I lost count of how many people I peed on last night.
It's 9:30am and I've already blown three loads. Reason #101 I love 25 year old girls.
Puked in the hotel lobby and just kept walking. I love mardi GRAS.
no, forget the keg and come see this. prego pants here is dunking chicken nuggets into pudding and crying over a cat show on animal planet.
also since I use google voice my ads in gmail switched to DUI services after this conversation
Bring your friend that fell asleep in the bathroom for my friend.
The bartender said he wanted to turn you gay, and we got free shots the rest of the night
The drag queen we did coke with is going to be on Ru Paul's drag race. I feel so proud.
So again no comment on the cleavage. I'm a bit disappointed. If those girls come together to make cleavage AND I send you a pic of it, you have to comment on it. That's like relationship 101.

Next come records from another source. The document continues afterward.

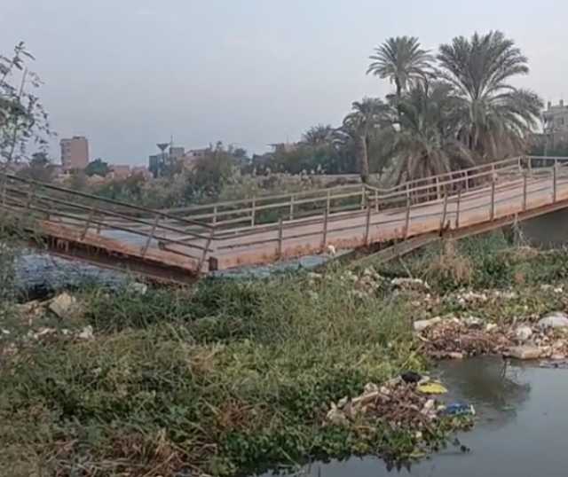 خارج الخدمة.. انهيار كوبري مشاة مهجور على ترعة الإبراهيمية بطما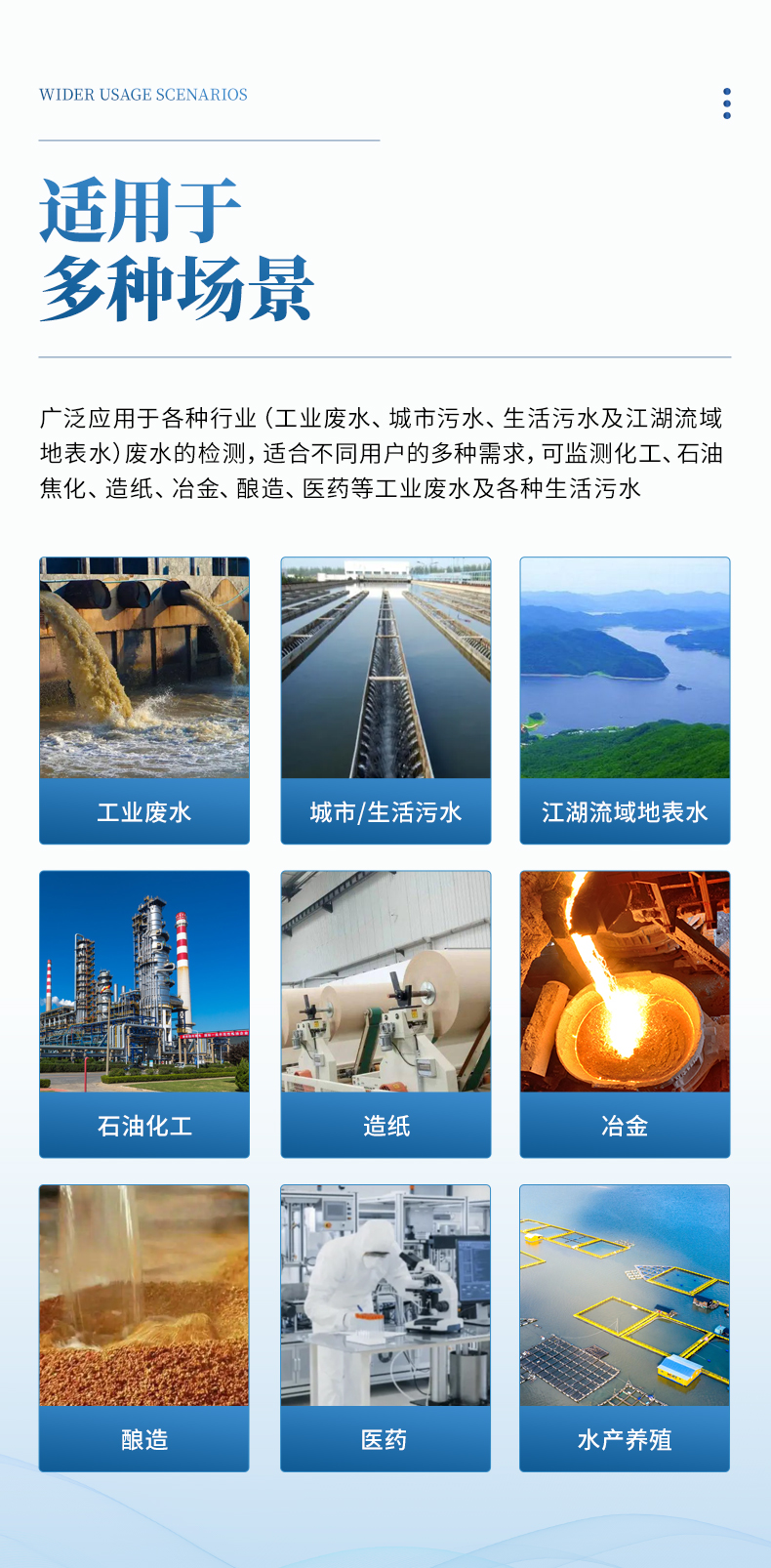 能夠廣泛的應(yīng)用于各種行業(yè)(工業(yè)廢水、城市污水、生活污水及江湖流域地表水)廢水的檢測(cè),可適合不同用戶的多種需求,可在化工、石油、焦化、造紙、冶金、釀造、醫(yī)藥等工業(yè)廢水及各種生活污水監(jiān)測(cè)應(yīng)用。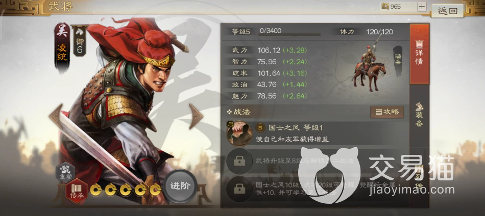 首先凌统在游戏中有着很高的成长属性,并且他的初始属性中的武力在所有的武将中都是很高的,而凌统的战法能够让自身有着很高的行动能力,能够尽快的打出先手伤害,同时增益效果的战法能够让周围的队友获得增益效果来提升伤害和行动能力。
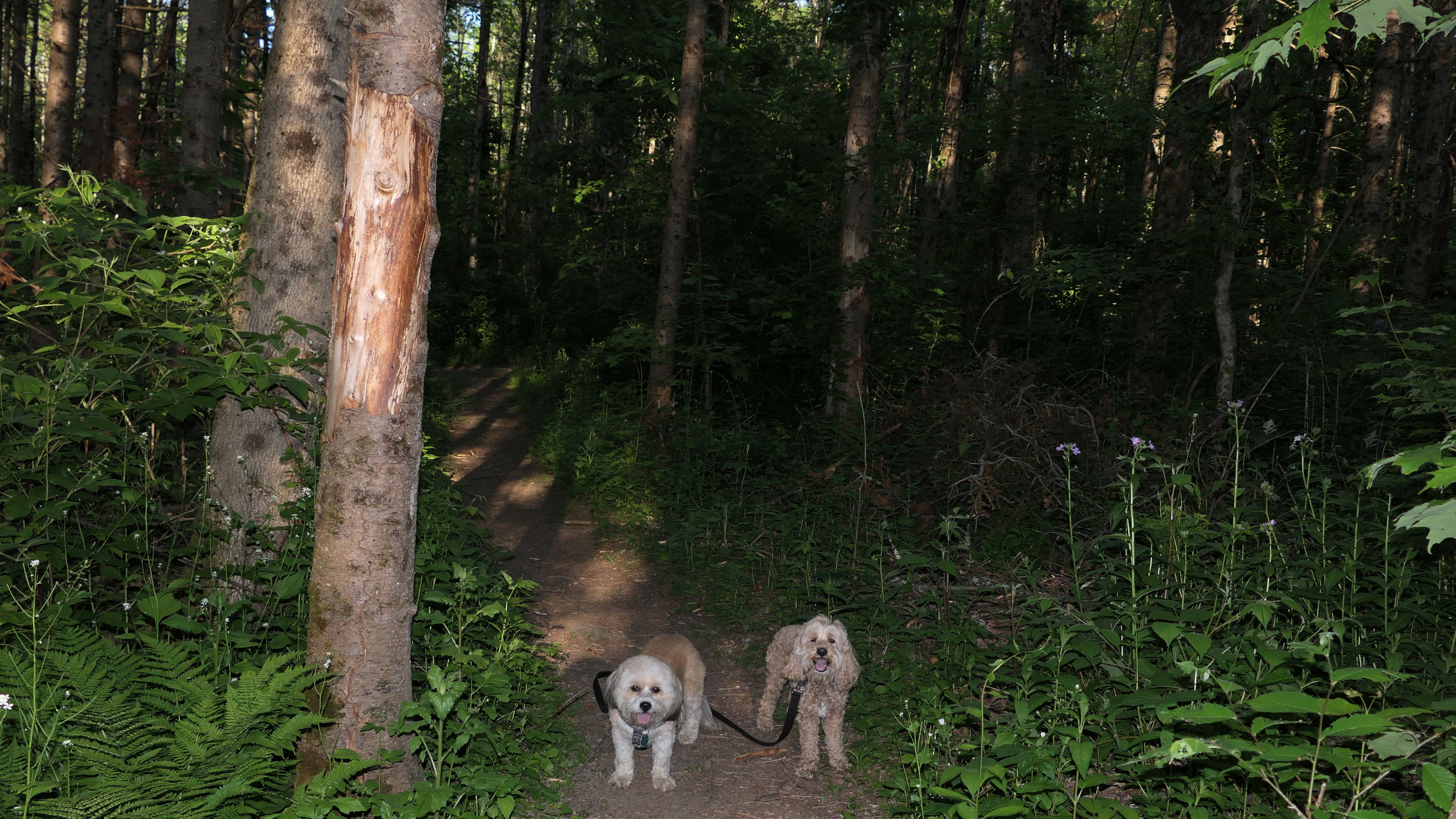 This was a fun hike. There's a 1.2 mile loop trail with a spur that goes out to an observation platform. The trail starts in West Stockbridge, but the majority of the trail crosses over into Richmond. Either side of the loop is downhill, and the western end of the loop is steeper. We went down the east side. The spur trail that goes out to the observation platform is a bit dangerous toward the end. There's a rocky stair case curving up a hill with a pretty good drop to the right. I would suggest not slipping. There is a metal staircase that goes down to the observation platform. The platform gives a great view of waterfall, but the flow was pretty weak. It's hard to see in the pictures. There's a fence that protects from a deep drop, but it blocks the view when trying to get to the waterfall in the same picture with small dogs. We then had to proceed uphill to complete the loop and get back to the car. It was a challenging climb up, but we all survived! The pictures below are from the West Stockbridge section. See the Richmond page for pictures from the Richmond section of the trail.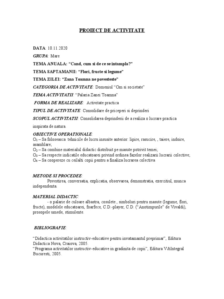 PROIECT DE ACTIVITATE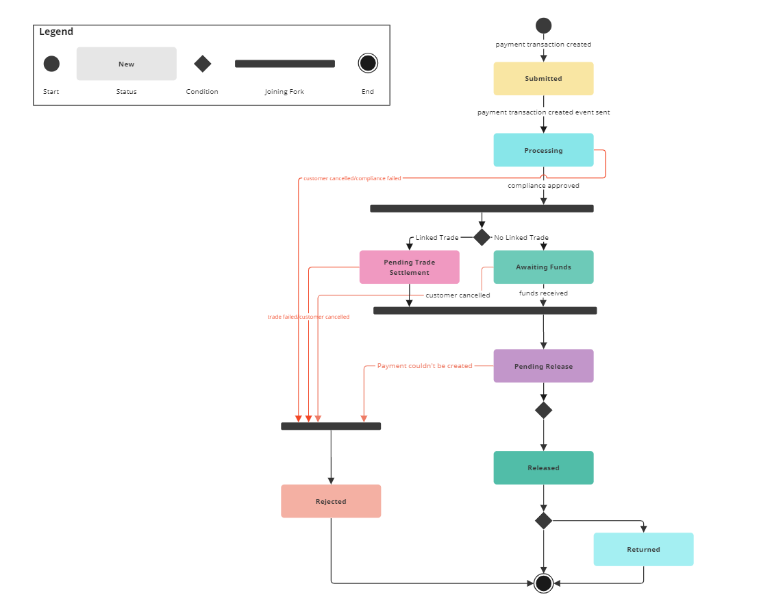 The Payout status flow differs slightly depending on if it is a single currency Payout via the POST /payments/payout or a Payout with a linked trade via POST /trade. If it's a single currency Payout it will be in Awaiting Funds until it has been funded. For a Payout with a linked trade, it will be in Pending Trade Settlement until the Trade hits the settlement day and has also been funded.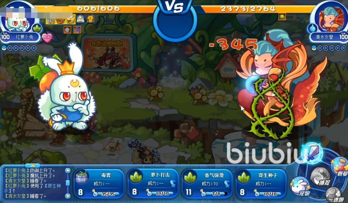 敌人在随后的战斗回合当中,每一次反击都会承受大量的毒素伤害和种子攻击,玩家们在承受一定伤害的时候,清水女皇会受到大量的伤害。各位在继续使用萝卜打击和香气弥漫发动攻势,基本上就可以在本轮战斗当中轻松的把对手给解决掉。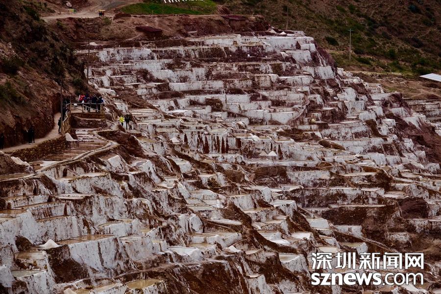 大面積鹽池閃閃發(fā)光,格外搶眼,宛如鑲嵌在安第斯山谷中的白色馬賽克。李仁奇攝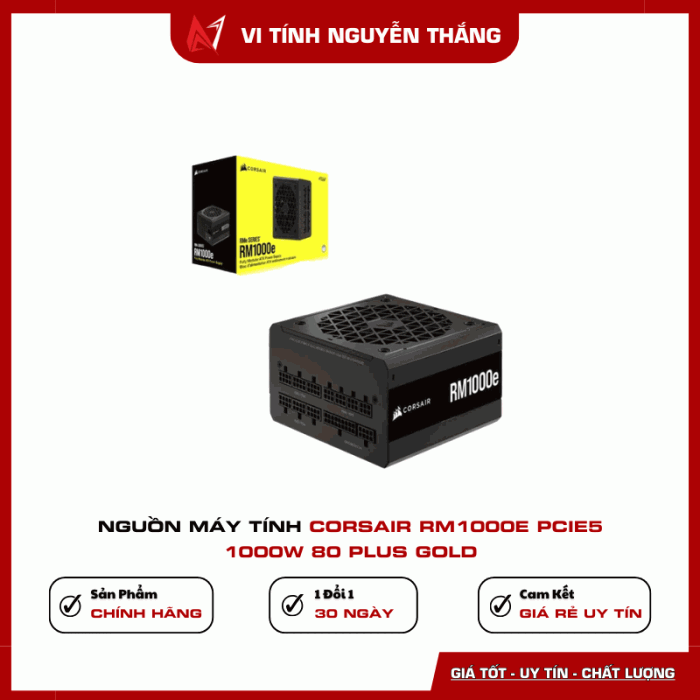 Nguồn Corsair RM1000e PCIe 5.0 1000W 80 Plus Gold là lựa chọn lý tưởng cho những ai đang tìm kiếm bộ nguồn cao cấp, hiệu suất ổn định, tương thích phần cứng thế hệ mới và độ bền vượt trội cho hệ thống PC hiện đại.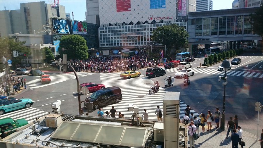 Dag två tog vi en promenad i riktning mot Shibuya, på vägen tog vi en vända genom parken till Meiji-templet, det var söndag förmiddag och vi lyckades se många brudpar samt många nyblivna föräldrar som var där för dop. Väl framme blev första stoppet Starbucks och ett fönsterbord med utsikt över övergångsstället.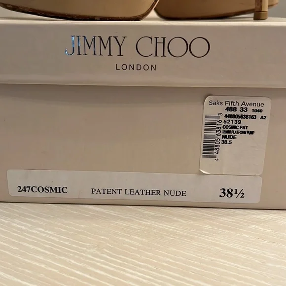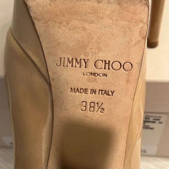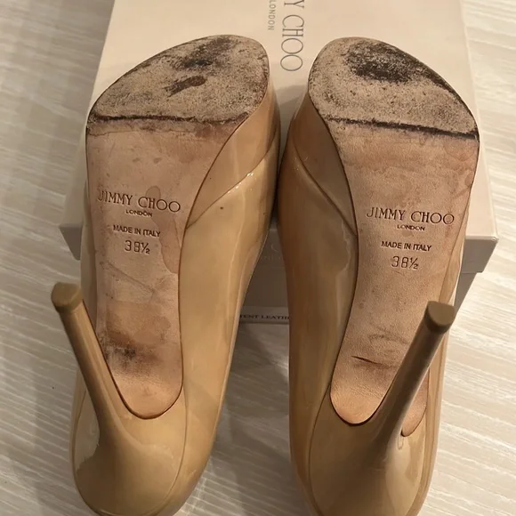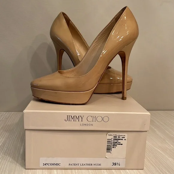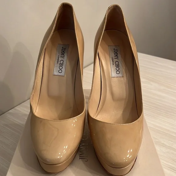 Jimmy Choo patent leather nude platform pump size 38.8 (euro)/ size 8.5 (USA). Moderately used, no scuff marks on heel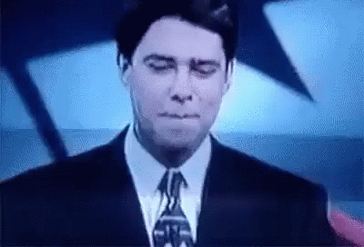 William Bonner, a Brazilian journalist, makes funny puckering and wide-mouthed faces while wearing a suit and tie.
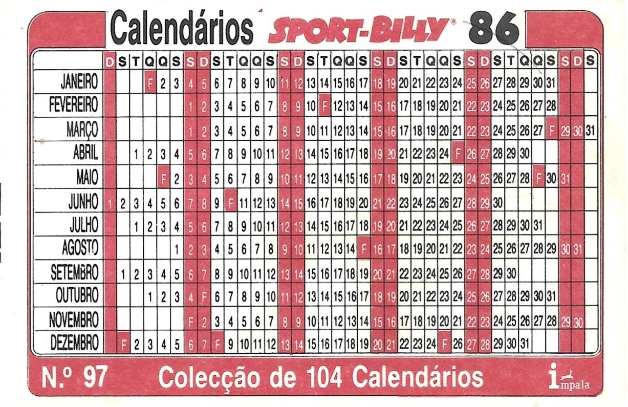 ⭕vtg pocket calendar SPORT-BILLY 1987 MEXICO 86 N.º97 WILLY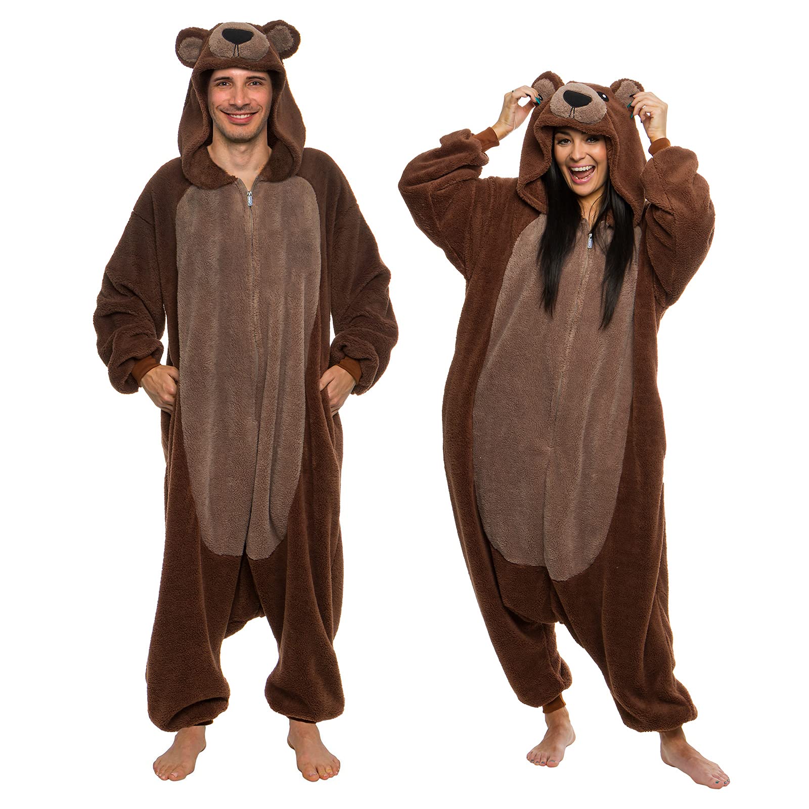 Funziez! Sherpa Bear Adult Onesie - Animal Halloween Costume - Plush Teddy One Piece Cosplay Suit for Adults, Women and Men(Brown, XX-Large)

To drink from my fkask next to a cop car or to not drink from my flask next to a cop car
I had a spiritual reading tonight and my dead grandmother called me a whore.
please don't forget about the bread in the toilet i am absolutely not dealing with that
Having random cyber sex while watching to catch a predator just seems wrong.
I would but he’s not speaking to me because I put ketchup in his socks.
He just compared fucking my vagina to a snow flake falling on his forehead: gentle.... I'm not sure if that's a compliment or not.